Where The Sidewalk Ends, 1950. 10/10

Excellent film noir. Great performances, good plotting and pacing, an even tone, and an appropriately gritty atmosphere. Dana Andrews and Gene Tierney have nice chemistry, making his transition to decency from brutality plausible.

Andrew’s Detective Dixon plays both sides of the law, having to cover his tracks after accidentally killing Craig Steven’s gangster character Paine. Disguising himself as Paine to create a false trail makes sense, as well as touching on his ambivalent identity.

Though the plot is rather simple, it intertwines all the main characters. Dixon gets mixed up with Paine, and then with Scalise by killing Paine. Scalise was a protege of Dixon’s dad. The cab driver who gets accused of killing Paine is Morgan’s dad, who is Paine’s estranged wife, then Dixon’s girlfriend. When at its best, noir has a way of throwing people together until they drive each nuts, fall in love, or kill each other.

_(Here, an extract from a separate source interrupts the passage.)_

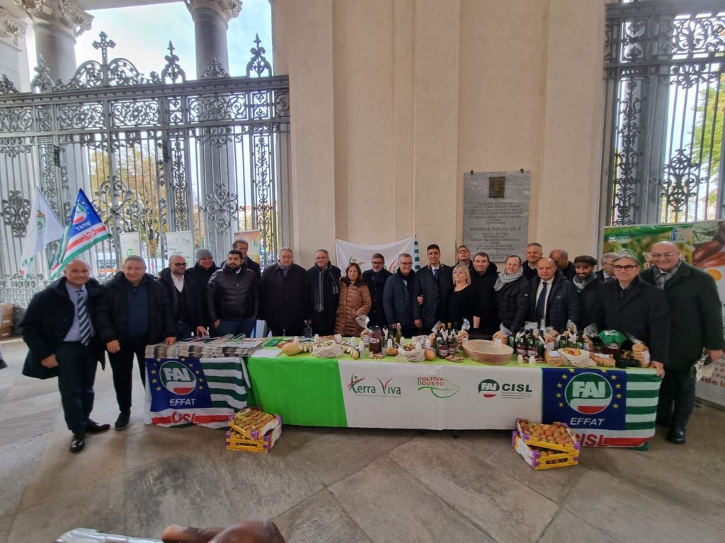 Il Segretario Generale Onofrio Rota con i dirigenti nazionali e regionali di Fai Cisl e Presidenti TerraViva, ha partecipato alla Santa Messa trasmessa in diretta su Rai Uno.

Andrews looks so cagey for most of the movie that his outbursts almost seem normal. Then he’s got that granite-faced look, even when he’s with Tierney. He spends the entire movie in psychological turmoil.
Tierney’s Morgan is romantic, loyal, and, though not naive, believes that bad things shouldn’t happen to good people. Though her brighter outlook ultimately wins out, she has to bear the strain of her dad’s frame-up and Dixon’s dilemma.

The atmosphere is palpable, a three-dimensional crust. We rarely leave seedy bars and hotel rooms, the police station, gangster hang-outs, parking lots, cabs, and all the hours of nighttime. Scalise getting trapped in the elevator was an effective denouement. The sense of confinement in that scene is overwhelming.

Dixon’s rehabilitation with the Department is marred by his confession that he killed Paine. If Where the Sidewalk Ends had ten happy endings it would still be dark and foreboding. Great immersion in a classic film noir. 10/10.